* _What you are asked to do_
Make an exact copy of the listing so that no picture is carried over.

* _Collected data_
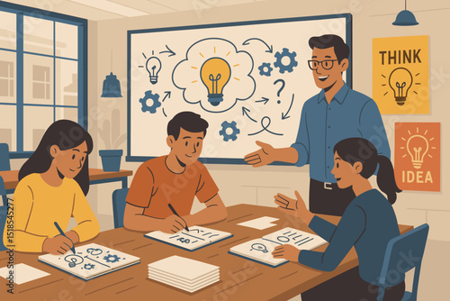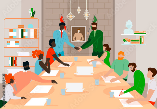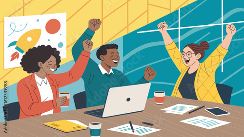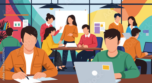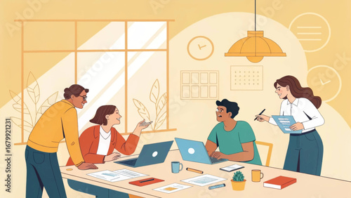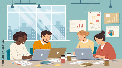 Офисная команда помогает коллеге с ее проектом. Векторная иллюстрация концепции работы бизнес-команды. Мужчина и женщина работают вместе на собрании.
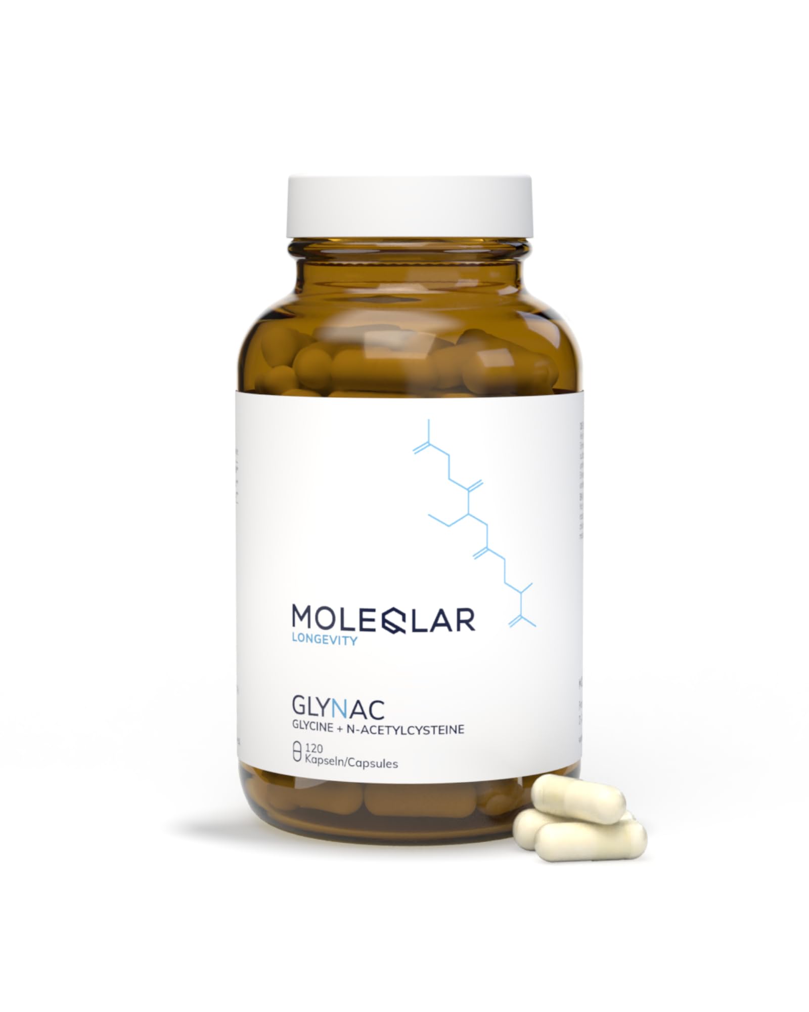 MoleQlar GlyNAC Lot de 120 gélules – 600 mg de glycine et 600 mg de NAC (N-acétylcystéine) par portion – Complexe précurseur de glutathion – Végétalien et sans gluten – Certifié en Allemagne
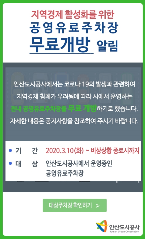 코로나19 확산과 관련하여 지역경제 침체가 우려됨에 따라 지역경제 활성화 및 시민편의 증대를 위하여 안산시에서 운영하는 관내 공영유료주차장을 무료 개방합니다.

* _Output below_
 Офисная команда помогает коллеге с ее проектом. Векторная иллюстрация концепции работы бизнес-команды. Мужчина и женщина работают вместе на собрании.
 MoleQlar GlyNAC Lot de 120 gélules – 600 mg de glycine et 600 mg de NAC (N-acétylcystéine) par portion – Complexe précurseur de glutathion – Végétalien et sans gluten – Certifié en Allemagne
 코로나19 확산과 관련하여 지역경제 침체가 우려됨에 따라 지역경제 활성화 및 시민편의 증대를 위하여 안산시에서 운영하는 관내 공영유료주차장을 무료 개방합니다.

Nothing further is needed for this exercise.